[Stored items from a collection]
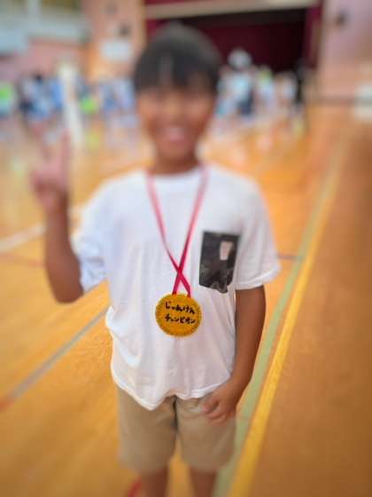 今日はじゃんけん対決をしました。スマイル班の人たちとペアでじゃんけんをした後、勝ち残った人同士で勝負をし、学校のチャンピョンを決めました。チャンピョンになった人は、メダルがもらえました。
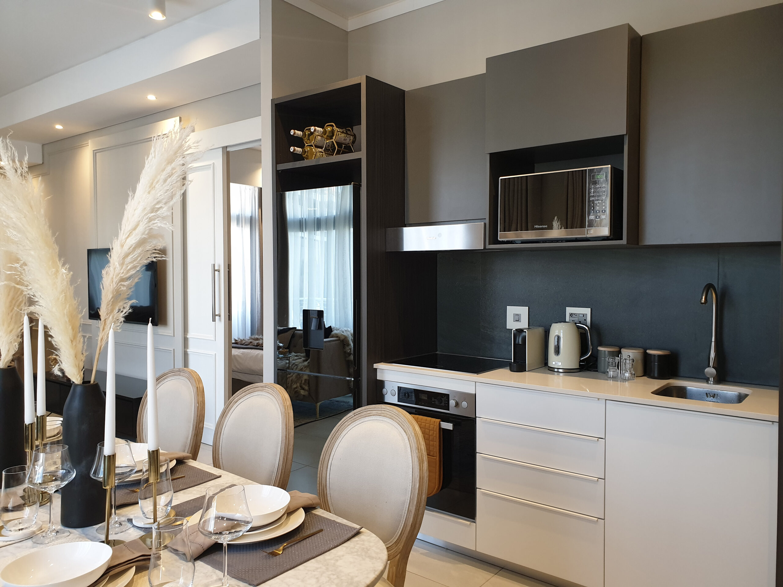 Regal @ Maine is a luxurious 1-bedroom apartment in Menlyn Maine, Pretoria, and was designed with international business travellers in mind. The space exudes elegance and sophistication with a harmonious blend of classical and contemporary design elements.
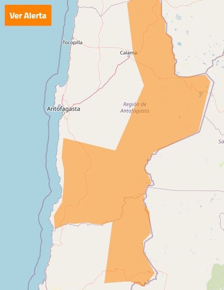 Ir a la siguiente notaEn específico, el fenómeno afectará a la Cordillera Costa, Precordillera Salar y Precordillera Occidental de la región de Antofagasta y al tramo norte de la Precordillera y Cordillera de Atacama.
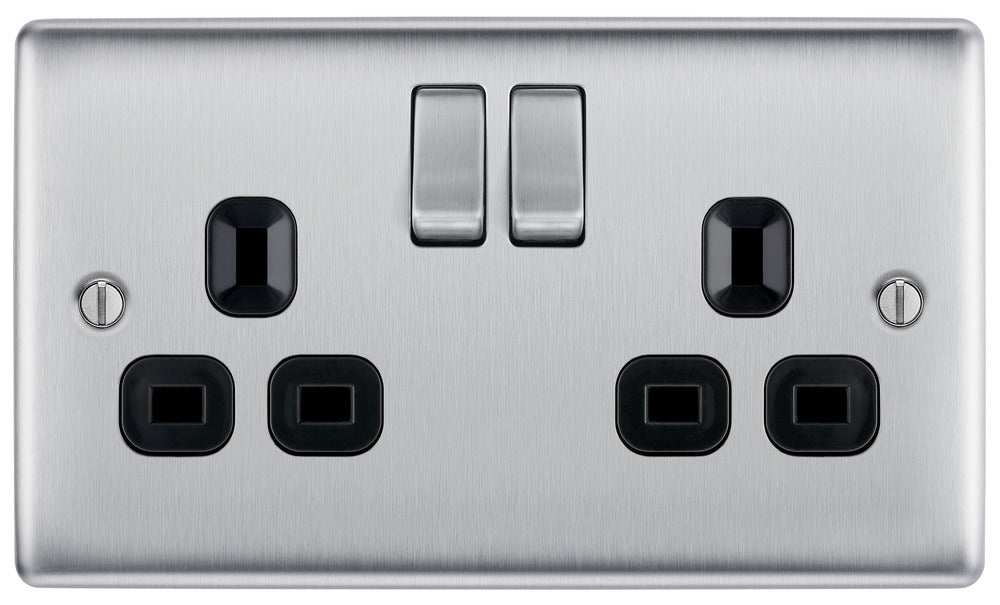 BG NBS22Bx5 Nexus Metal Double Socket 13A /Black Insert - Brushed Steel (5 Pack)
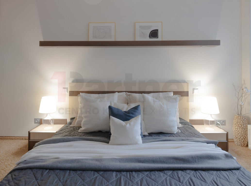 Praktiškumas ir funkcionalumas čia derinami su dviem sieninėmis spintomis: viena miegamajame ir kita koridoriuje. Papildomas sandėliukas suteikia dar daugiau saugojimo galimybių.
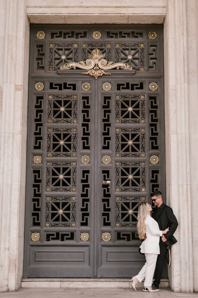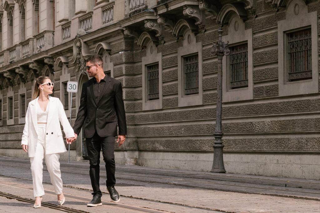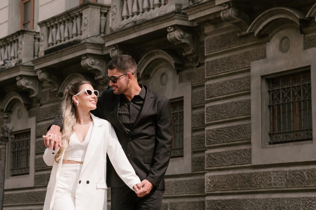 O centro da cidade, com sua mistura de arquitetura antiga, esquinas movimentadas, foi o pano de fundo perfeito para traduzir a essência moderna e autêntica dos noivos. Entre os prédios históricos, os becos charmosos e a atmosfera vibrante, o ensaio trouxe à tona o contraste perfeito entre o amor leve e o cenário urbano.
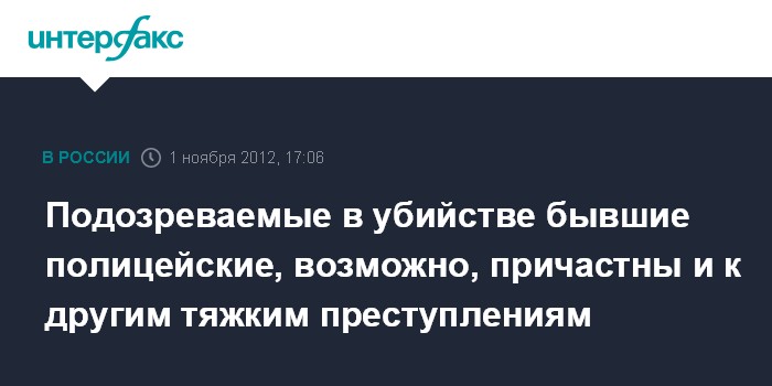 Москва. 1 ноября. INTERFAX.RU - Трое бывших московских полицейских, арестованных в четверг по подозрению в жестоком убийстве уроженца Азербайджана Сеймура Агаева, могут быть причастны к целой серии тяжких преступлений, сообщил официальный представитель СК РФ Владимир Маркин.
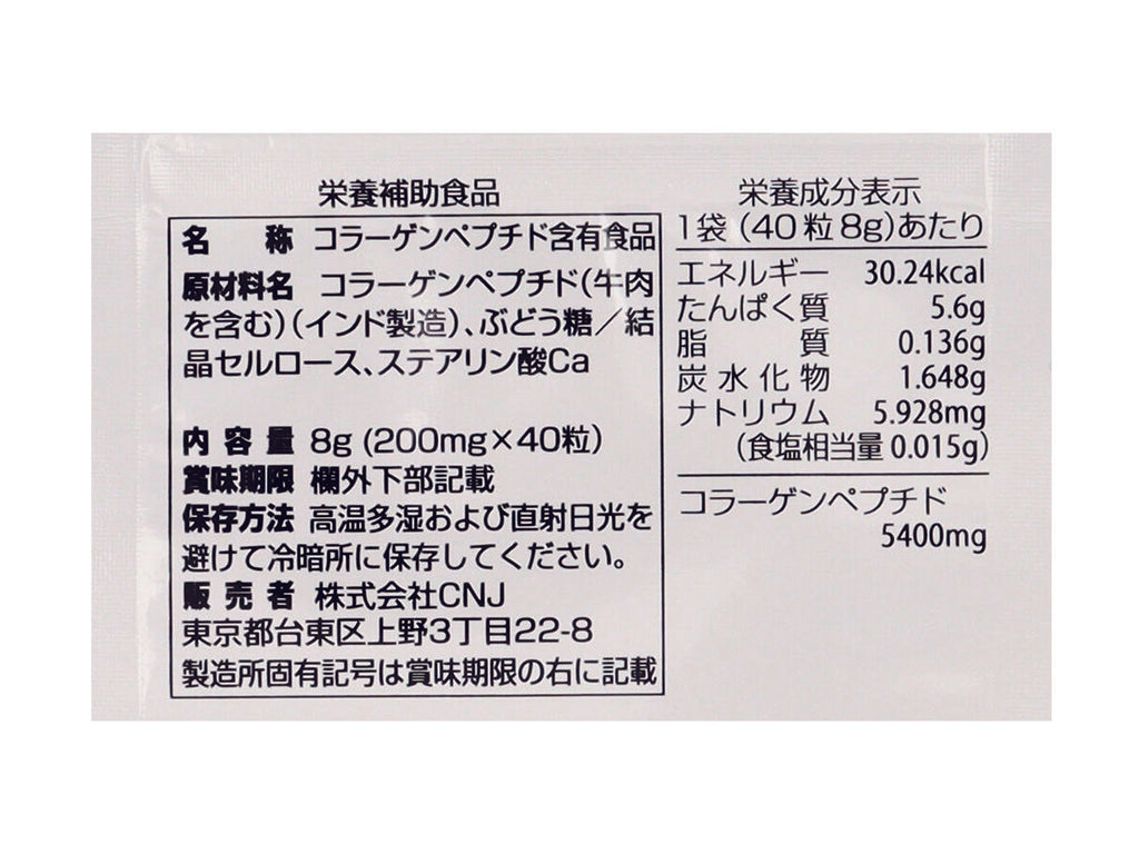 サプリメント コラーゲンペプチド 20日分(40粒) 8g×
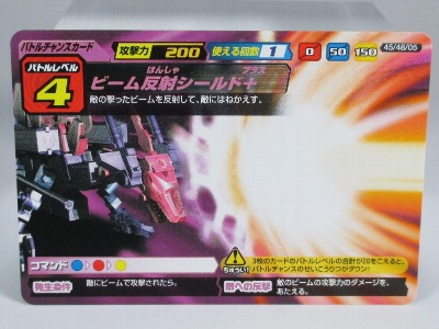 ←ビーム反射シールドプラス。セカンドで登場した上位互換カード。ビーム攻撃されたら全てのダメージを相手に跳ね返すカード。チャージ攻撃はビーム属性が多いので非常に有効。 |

[WHAT YOU NEED TO DO]
The lines to set down run from the line with "Praktiškumas ir funkcionalumas" up to and including the line with "O centro da" in the entries above. Reproduce them exactly, with no pictures.

[EXERCISE RESULT]
 Praktiškumas ir funkcionalumas čia derinami su dviem sieninėmis spintomis: viena miegamajame ir kita koridoriuje. Papildomas sandėliukas suteikia dar daugiau saugojimo galimybių.
 O centro da cidade, com sua mistura de arquitetura antiga, esquinas movimentadas, foi o pano de fundo perfeito para traduzir a essência moderna e autêntica dos noivos. Entre os prédios históricos, os becos charmosos e a atmosfera vibrante, o ensaio trouxe à tona o contraste perfeito entre o amor leve e o cenário urbano.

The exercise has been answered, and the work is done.